◆ **ASSIGNMENT**:
All of the records that follow need to be copied word for word, without the pictures.

===============

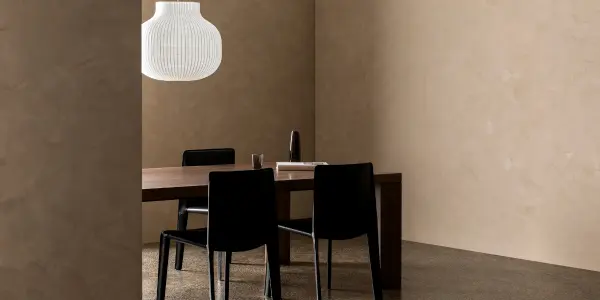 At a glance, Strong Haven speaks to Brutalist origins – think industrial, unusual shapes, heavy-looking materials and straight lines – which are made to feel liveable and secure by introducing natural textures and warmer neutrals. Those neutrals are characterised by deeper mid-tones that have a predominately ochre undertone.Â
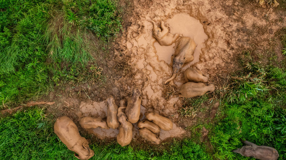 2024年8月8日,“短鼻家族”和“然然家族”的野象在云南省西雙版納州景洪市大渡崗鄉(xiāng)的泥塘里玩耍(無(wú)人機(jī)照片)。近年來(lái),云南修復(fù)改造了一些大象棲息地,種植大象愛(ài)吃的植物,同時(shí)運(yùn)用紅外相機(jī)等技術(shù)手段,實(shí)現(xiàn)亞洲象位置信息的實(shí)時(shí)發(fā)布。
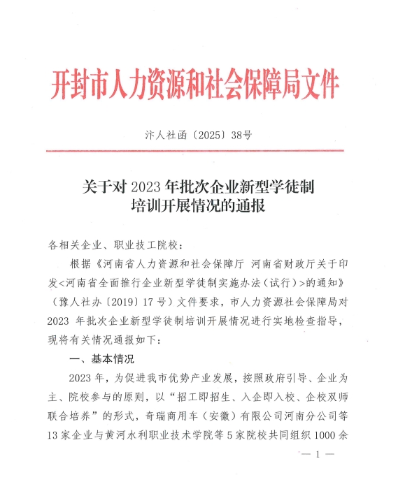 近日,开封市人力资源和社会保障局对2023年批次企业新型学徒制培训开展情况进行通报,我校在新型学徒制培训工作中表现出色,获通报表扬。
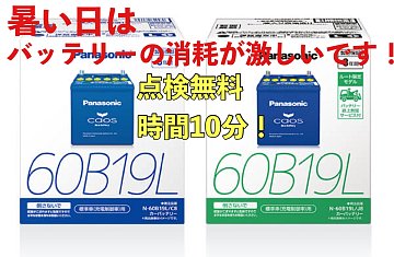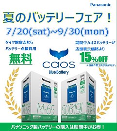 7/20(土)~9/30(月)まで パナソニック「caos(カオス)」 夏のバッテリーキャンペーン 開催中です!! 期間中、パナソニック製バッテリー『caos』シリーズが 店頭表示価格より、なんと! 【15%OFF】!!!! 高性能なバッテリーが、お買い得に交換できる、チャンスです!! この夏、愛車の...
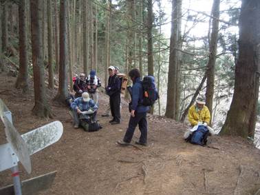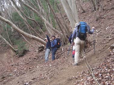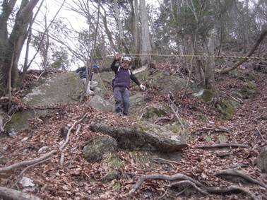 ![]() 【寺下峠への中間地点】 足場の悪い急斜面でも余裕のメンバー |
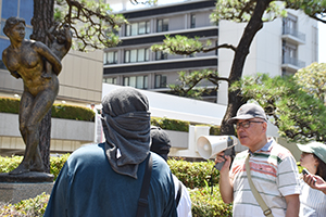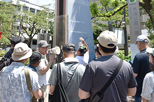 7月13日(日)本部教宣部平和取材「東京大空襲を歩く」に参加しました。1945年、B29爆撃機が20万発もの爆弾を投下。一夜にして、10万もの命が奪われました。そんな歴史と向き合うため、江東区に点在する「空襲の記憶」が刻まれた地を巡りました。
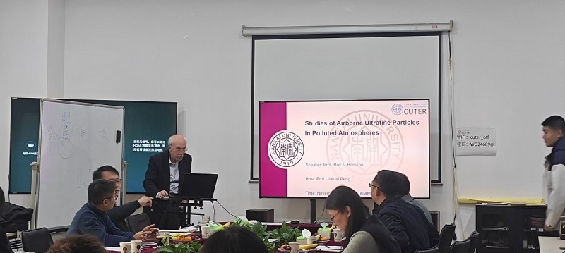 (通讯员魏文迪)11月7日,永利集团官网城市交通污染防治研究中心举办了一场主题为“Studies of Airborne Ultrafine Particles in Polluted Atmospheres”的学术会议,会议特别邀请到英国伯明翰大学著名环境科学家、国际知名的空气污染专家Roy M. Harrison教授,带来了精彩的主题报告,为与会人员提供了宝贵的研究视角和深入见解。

===============

◆ **WRITTEN RESPONSE**:
 At a glance, Strong Haven speaks to Brutalist origins – think industrial, unusual shapes, heavy-looking materials and straight lines – which are made to feel liveable and secure by introducing natural textures and warmer neutrals. Those neutrals are characterised by deeper mid-tones that have a predominately ochre undertone.Â
 2024年8月8日,“短鼻家族”和“然然家族”的野象在云南省西雙版納州景洪市大渡崗鄉(xiāng)的泥塘里玩耍(無(wú)人機(jī)照片)。近年來(lái),云南修復(fù)改造了一些大象棲息地,種植大象愛(ài)吃的植物,同時(shí)運(yùn)用紅外相機(jī)等技術(shù)手段,實(shí)現(xiàn)亞洲象位置信息的實(shí)時(shí)發(fā)布。
 近日,开封市人力资源和社会保障局对2023年批次企业新型学徒制培训开展情况进行通报,我校在新型学徒制培训工作中表现出色,获通报表扬。
 7/20(土)~9/30(月)まで パナソニック「caos(カオス)」 夏のバッテリーキャンペーン 開催中です!! 期間中、パナソニック製バッテリー『caos』シリーズが 店頭表示価格より、なんと! 【15%OFF】!!!! 高性能なバッテリーが、お買い得に交換できる、チャンスです!! この夏、愛車の...
 ![]() 【寺下峠への中間地点】 足場の悪い急斜面でも余裕のメンバー |
 7月13日(日)本部教宣部平和取材「東京大空襲を歩く」に参加しました。1945年、B29爆撃機が20万発もの爆弾を投下。一夜にして、10万もの命が奪われました。そんな歴史と向き合うため、江東区に点在する「空襲の記憶」が刻まれた地を巡りました。
 (通讯员魏文迪)11月7日,永利集团官网城市交通污染防治研究中心举办了一场主题为“Studies of Airborne Ultrafine Particles in Polluted Atmospheres”的学术会议,会议特别邀请到英国伯明翰大学著名环境科学家、国际知名的空气污染专家Roy M. Harrison教授,带来了精彩的主题报告,为与会人员提供了宝贵的研究视角和深入见解。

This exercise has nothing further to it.